» EXERCISE PROMPT
What you return must match, exactly, the lines running from the one containing "UB前の脱衣室には収納棚も付いて洗濯機のこの横棚は便利です。" to the end of the data, both included, and must contain no pictures.

» INFORMATION SUPPLIED
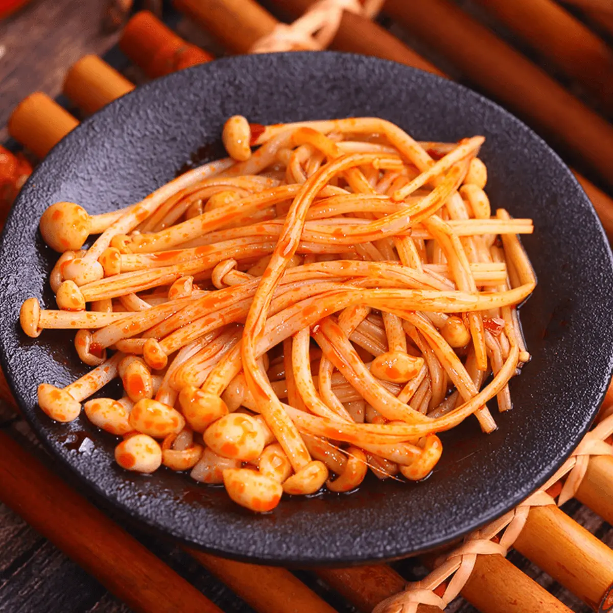 Β·Secretly seasoned red oil envelops fresh, fragrant enoki mushrooms, with a vibrant red color and a rich, satisfying flavor.
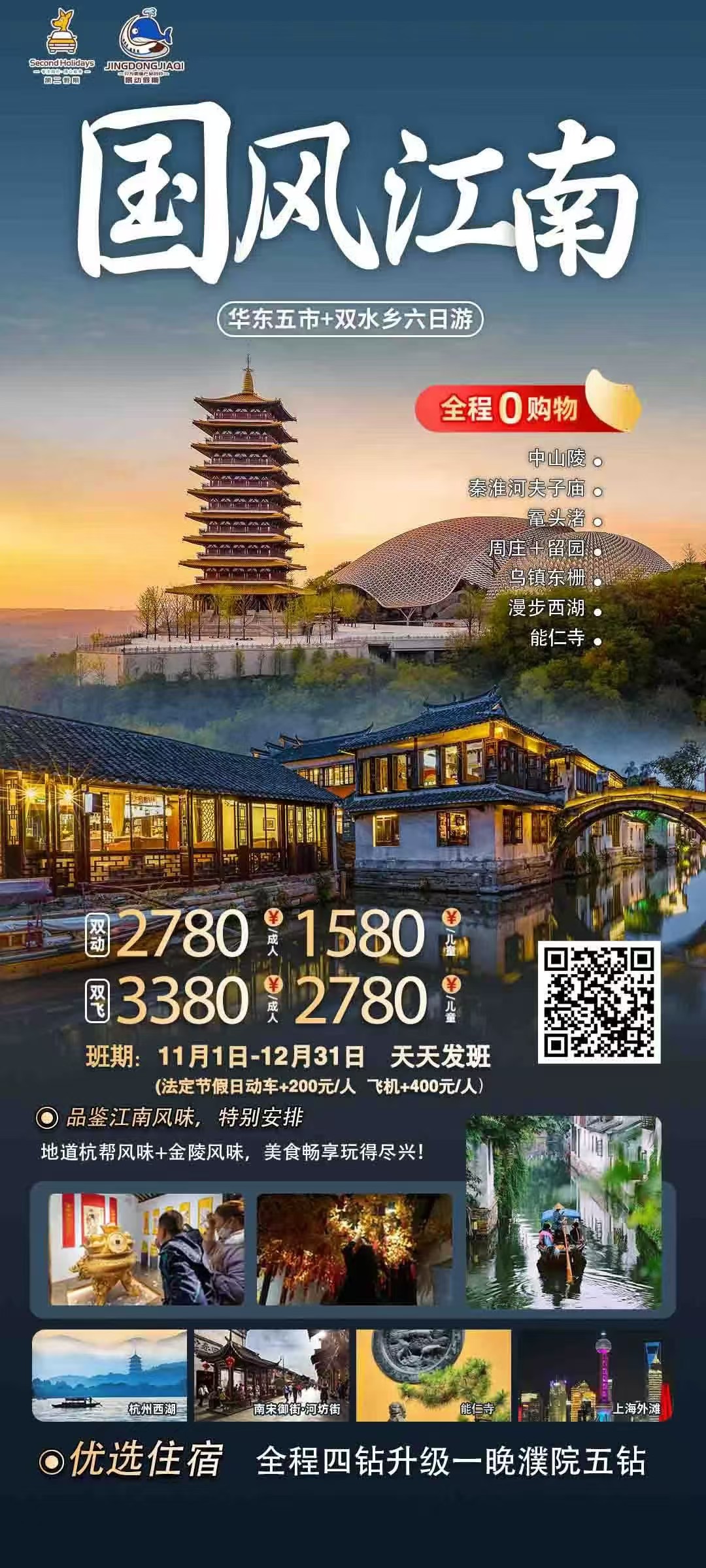 线路名称:💗【国风江南】 南京|无锡|苏州|杭州|上海双飞六天
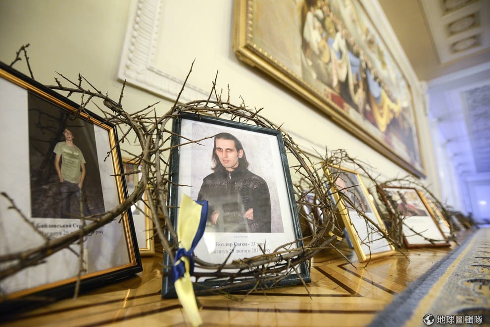 在示威活動中喪生的人們,他們的肖像被放在國會大樓中的臨時紀念堂。
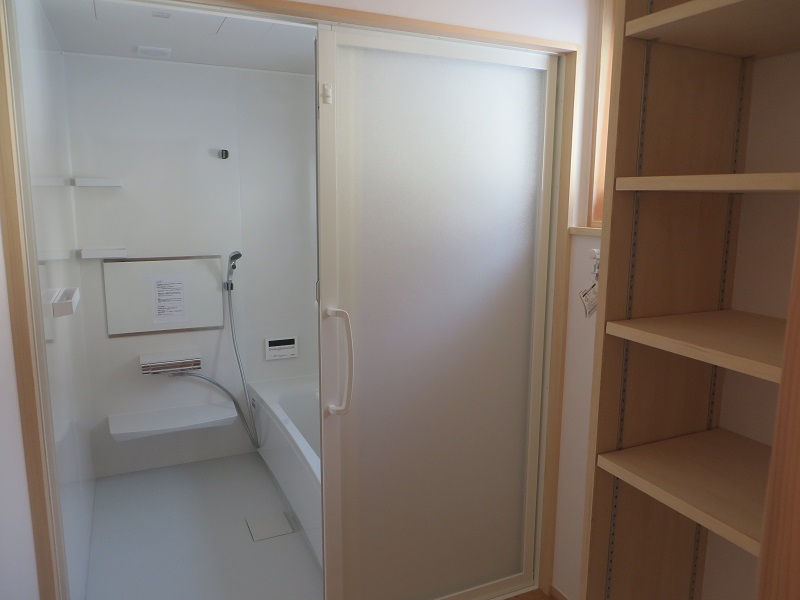 UB前の脱衣室には収納棚も付いて洗濯機のこの横棚は便利です。
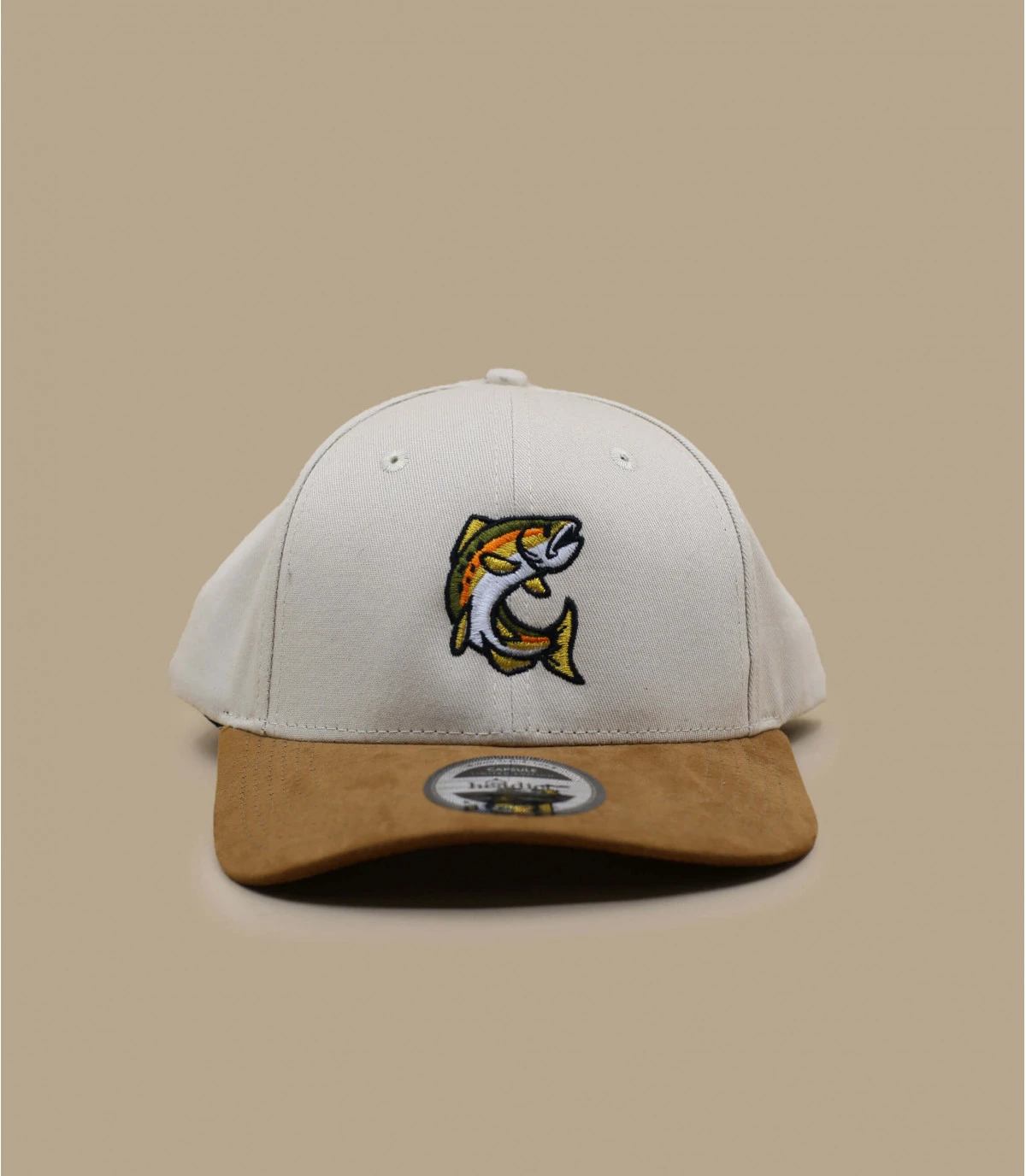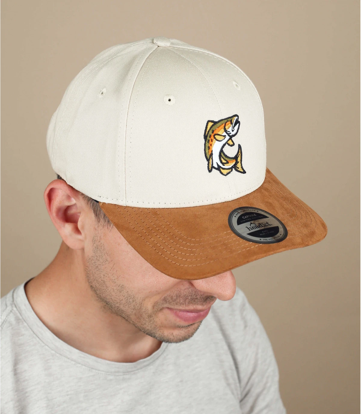 Casquette beige à visière courbée en cuir suédé, brodée sur le devant d’une superbe truite arc-en-ciel aux écailles colorées. Un modèle qui plaira à tous ceux qui aiment la pêche. Il leur permettra de communiquer leur passion à leur entourage et se protéger du soleil pendant les heures passées à attendre que le poisson morde.

» ANSWER SECTION
 UB前の脱衣室には収納棚も付いて洗濯機のこの横棚は便利です。
 Casquette beige à visière courbée en cuir suédé, brodée sur le devant d’une superbe truite arc-en-ciel aux écailles colorées. Un modèle qui plaira à tous ceux qui aiment la pêche. Il leur permettra de communiquer leur passion à leur entourage et se protéger du soleil pendant les heures passées à attendre que le poisson morde.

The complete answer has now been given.